Alex confronts her boyfriend in an elaborate intervention where Stella (Greta Lee) and Kate also have the courage to not only confront the man who (almost) destroyed their lives but to have the pleasure of seeing him humiliated as well. In a theatrical moment, we discovered that EVERYTHING was connected: the failure in the Hyperion One transmission was not the fault of the UBA, but rather of Paul, who made Kate cut the transmission to cover up the malfunction of the navigation system. Next, Paul hacked the broadcaster to reduce its market value and also hush up the problems with its rocket, after all, it has been sending false reports to NASA. Realizing he has no alternative, Paul cancels the purchase of UBA (telling Alex to give the message to the Board, a typical 20th-century man).
Anyway, in just two weeks of all this fuss, life goes on. The merger of UBA and NBN will cost jobs, but that will be a topic for the following season. For now, no one really cares, not Stella or Mia (Karen Pittman), who is planning a trip with her boyfriend to Bali. We see that the investigation into Cory’s conduct is ongoing, but Bradley’s honest testimony appears to save him. She knows that not only does he genuinely love her, he’s the only person who sees her for who she is, she says. But the two didn’t have a night of love, we discovered. Yeah, Cory is disgusting, but, raised by a feminist, respectful of vulnerable women. I have my doubts about how unnecessary information like this could help him rather than prove misconduct, but The Morning Show isn’t the show for so much detail.
The “farewell” between Cory and Bradley is another Billy Crudup show. His sincere emotion in apologizing to her (without reciprocation) is one of the executive’s rare vulnerable moments. The farewell between Alex and Paul was less emotional for us. Which doesn’t mean any less inspiring. Paul begins the manipulation game, raising the possibility that things could have been different if “they had taken that helicopter anywhere else”. Here’s what we want from female storytelling, Alex’s answer is foolproof. “But we didn’t,” she brings him to the present.

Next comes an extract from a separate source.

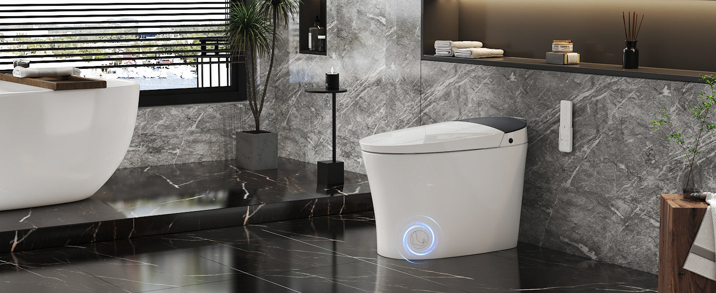 Smart Toilet with Bidet, Built-in Tank, Powerful Flush, Auto Open/Close Lid, Foot Sensor, Heated Seat, Instant Warm Water

What’s more: in no hypothetical scenario would he stop being who he is, an example of a toxic man sold as perfect. She laments that she really wanted to find someone, a partner which is true for so many cool and intelligent women. In the last deaf attempt of men who refuse to listen to what we want, he still has the nerve to say that he could have been that companion. But he would never be trustworthy, as Alex clarifies, therefore, he would never be who she is looking for.


Alex accompanies Bradley to the FBI building so that she and her brother can turn themselves into justice. And so we say goodbye without knowing if Stella has taken on Cory’s position (it seems so) or if Alex will continue his career even though he is on the Board of the new company, without knowing what happened to Cybill, Chip, or even Cory. Chris apparently is about to leave daily journalism to return to sports coverage and it looks like we will have Alex and Laura as stars. Will they hold the season? We will have to wait until 2025 (after all, the actors are still on strike). But it was an excellent turn for The Morning Show, even at the expense of its two stars (Crudup and Reese). We will follow, of course.